The two fields have existed as codependent rivals since the advent of modern PR in the 1920s. That's when a new class of press agents, spawned by the U.S. war-propaganda machine, took root among big companies and the image-conscious rich. Newspaper people saw PR as a threat to truthful discourse and responded by forming professional organizations and drafting codes of ethics, in part to keep publicists at bay. PR thus helped push journalists into professionalism.
The relationship has since softened into a grudging mutual reliance. PR people have the information, journalists have the outlets, and communication requires both.
Journalists view PR people the way many spouses see their in-laws: grateful for the gift, wary of the givers.
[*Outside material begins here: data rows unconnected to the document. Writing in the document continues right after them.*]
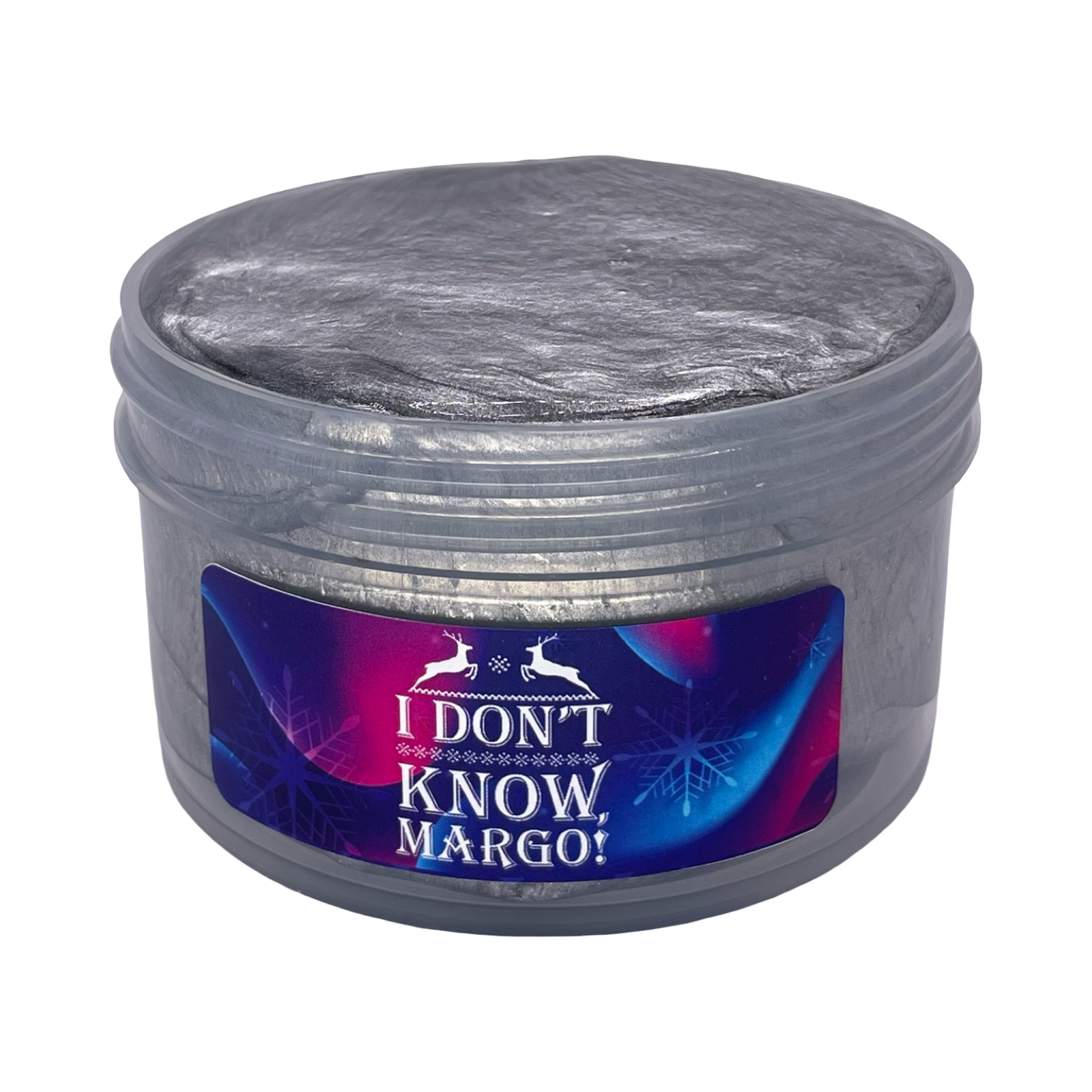 Inspired by Christmas Vacation’s iconic duo, Margo and Todd, this slime pays tribute to their matching track suits and ultra-sleek aesthetic. It features a chrome-coated clear base for a glossy, modern shine and is scented with a woodsy blend of fresh earth, eucalyptus, and warm woods, nodding to their refined, minimalist vibe. Each jar comes with a miniature track suit jacket charm, making it the perfect homage for fans of the movie’s most unforgettable neighbors.
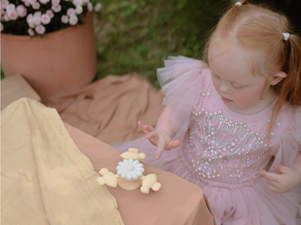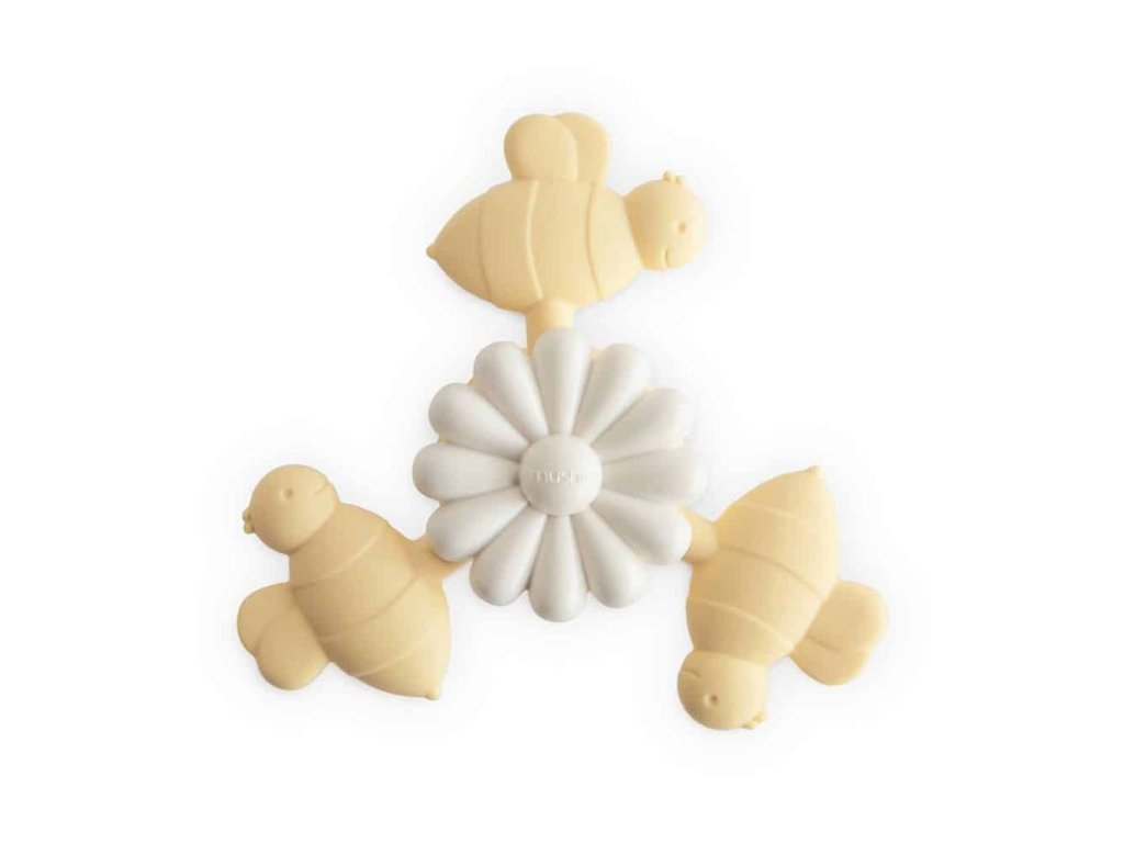 Spinner od Mushie přináší radost a zábavu vašemu děťátku díky svému hravému designu a jemným, uklidňujícím barvám. Měkké silikonové včelky lze snadno otáčet kolem kytičky, což vytváří vizuálně poutavý a uklidňující smyslový zážitek. Pevná přísavka udrží hračku na místě, ať už na jídelní židličce, dvířkách skříňky, stolku v letadle nebo ve vaně, čímž podporuje samostatné hraní.
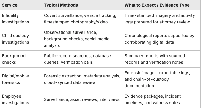 - Core services commonly include infidelity investigations, child custody support, civil matters, and background checks.
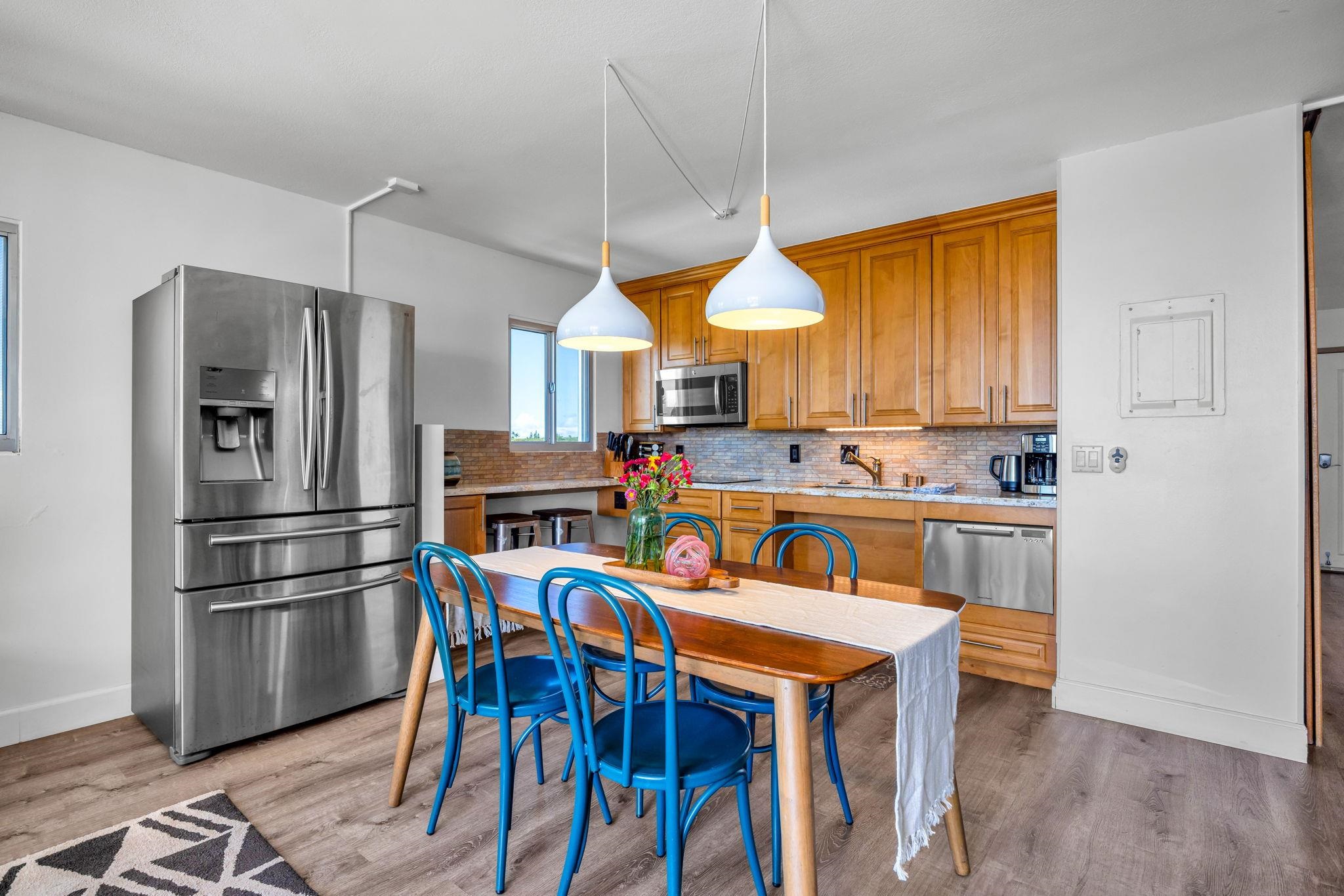 Welcome to Island Surf #600, a rare top-floor corner vacation rental in the heart of South Kihei, offering exceptional flexibility, income potential, and sweeping island views. Situated within a Business Community (B-2) Zone, this property is not affected by proposed short-term rental phase-out legislation, making it a compelling option for investors seeking stability and long-term viability. This 2-bedroom, 2-bathroom unit spans 921 square feet and is thoughtfully designed with a lock-off configuration, allowing for multiple rental strategies. With two separate entrances, the unit can be rented as a full 2-bedroom, or split into a 1-bedroom and a studio - creating a duplex-style setup that maximizes occupancy and income potential. Whether you’re looking to diversify your rental approach or cater to different guest needs, the flexibility here is a standout feature. Positioned on the top (6th) floor and at the corner of the building, Unit #600 enjoys added privacy, extra windows, and an abundance of natural light throughout. The elevated vantage point captures panoramic ocean views and stunning West Maui Mountain vistas, while its location on the quieter side of the complex - furthest from the South Kihei Road and Auhana Road intersection - helps minimize road noise and enhances the overall living experience. Island Surf is known for its unbeatable central location and mixed-use convenience. The ground level is home to a variety of local businesses, shops, and dining options, while directly across the street you’ll find The Cove surf break at Kalama Park - one of South Maui’s most popular beginner-friendly surf spots. Just behind the complex is South Maui Gardens, a vibrant open-air gathering place featuring food trucks and a weekly Thursday market with local vendors offering art, jewelry, clothing, and more. Offered fully furnished and with future bookings in place, Island Surf #600 is a turnkey opportunity ready for immediate use and income generation. With its flexible layout, strong rental appeal, and prime Kihei location, this is a property that truly checks all the boxes.
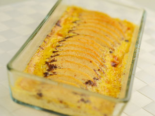 Rangez les pommes dans un plat à four, versez le mélange dessus, pour un résultat optimal couvrez tout juste les pommes de la préparation lactée.
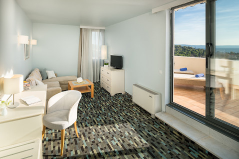 Junior Suite Balcony Sea Side View (38-49 кв.м, просторный номер: спальня с двуспальной кроватью/2 раздельными кроватями, и гостиная, макс. 3 взр)

To the PR side the journalist is the son-in-law, both undeserving and indispensable.
Both fields have traditionally drawn from much the same labor pool of what Walter Lippmann called ''the vaguely talented,'' and PR has long been the refuge of choice for mid-career journalists, once college fees loomed and newsroom hours got unbearable.
Chief integrity officer
Why PR appeals now to young potential reporters no doubt has to do with the heavy cloud of economic gloom hovering over the news business. It also reflects a wish, as a Palestinian journalism student who was going into PR told me, to do something ''active'' – to make things happen instead of reacting to events. Students come back from summer PR internships with exciting tales of scanning the next day's papers for stories they helped bring about.
But PR is also promising something else to the young and impressionable: A role in contemporary affairs that's way beyond message creation, brand maintenance or advocacy. The PR professional is proposed as a senior counselor not just on what is persuasive and effective, but on what is right – as chief integrity officer.
As James Lukaszewski, a PR practitioner who consults on such matters, has written: ''The primary goal of public relations will be to create an environment of integrity within organizations.'' That's heady stuff.
Government's video news releases
There were signs of this surge of probity in the industry's response to the recent scandal over Armstrong Williams, the commentator who was secretly paid by one of the country's top PR shops to shill for Bush administration policies, and over the administration's promiscuous use of so-called video news releases – propaganda tricked out to look like TV news reports. PR industry leaders were miles ahead of TV news directors in condemning the practices.
Such is PR's new niche. It's got its problems. Just who's going to hire this new priesthood of in-house scolds, what do they know about ethics and what becomes of the honorable PR functions of partisan spinning and dissembling are among many unanswered questions.
But the goal draws PR out of client service and into public service, and it appeals powerfully to the longing of the young not for a job but for a mission. Once, that's what journalism promised, and should promise once again.